Jill's reveal is surprising, but it's outdone by the moment when she stabs Sidney for a second time and nobody stops her. In all the other "Scream" movies, the killer had never made it this far. For a significant chunk of "Scream 4" after this point, right until Dewey Riley (David Arquette) explains that Sidney's pulling through, there's truly no telling what will happen next. The idea that the villain might have actually won — which is what writer Kevin Williamson had gone for in the original script — was disorientating in the best way possible.

There's also something particularly unnerving about the way Jill goes about hurting herself to make her story seem believable. She pulls out part of her hair, claws up her own face, and throws herself into a glass table. We've seen gore in these movies before, but we've never seen self-mutilation on this scale. Even when the other killers were stabbing themselves, they'd still have the other killer holding the knife. Jill's the only one capable of doing it on her own.

Jill is spoiled, shallow, and short-sighted, but she's so driven toward her goal in this scene that you can't help but root for her a little. Or rather, you can't help but feel a little bit of pity — the harm she's doing to herself and others is not worth it, but she clearly believes it is without any doubt whatsoever. All we can do is watch as she barrels through her plan with unflinching motivation.
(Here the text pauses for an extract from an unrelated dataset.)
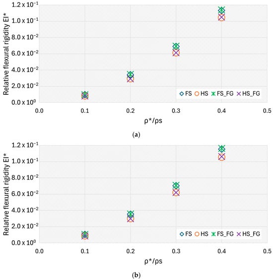 For a better understanding of the results, the relative flexural rigidity EI* is plotted in a graph against the relative density ρ*/ρs as shown in Figure 12a,b for the three- and four-point bending tests, respectively.

When she's escorted out of the house on a stretcher and all the reporters are asking her questions and calling her a hero, she seems so happy that we almost — and I mean, almost — want her to get away with it.

Standing on its own two feet

Of course, the moment Jill finds out Sidney is still alive, it's very clear where "Scream 4" will go next. You can nitpick the final sequence to death if you want to — why is this hospital so empty? — but thematically, it all ties together well. "You forgot the first rule of remakes," Sidney tells Jill's corpse at the end. "Don't f**k with the original."

Though it largely pretends to be a requel, "Scream 4" instead serves as a bold condemnation of requel culture. Audiences may have been disappointed that the movie ended with no new surviving characters (except Judy Hicks), which would put the next "Scream" movie in an awkward position. How will the franchise continue if there isn't a new pool of survivors to carry it forth? But "Scream 4" doesn't care. It doesn't exist to set up some future film — it is its own thing, to be judged entirely on its own merits.

"Scream 4" is far from the best in the series, but it also doesn't deserve to be the forgotten entry. In a Hollywood landscape where every franchise seems interested in running indefinitely, where so many movies are written at least partly as teasers for future movies, "Scream 4" deserves credit for having the nerve to be different. It may not have revived the franchise, but there's so much more to a movie than that.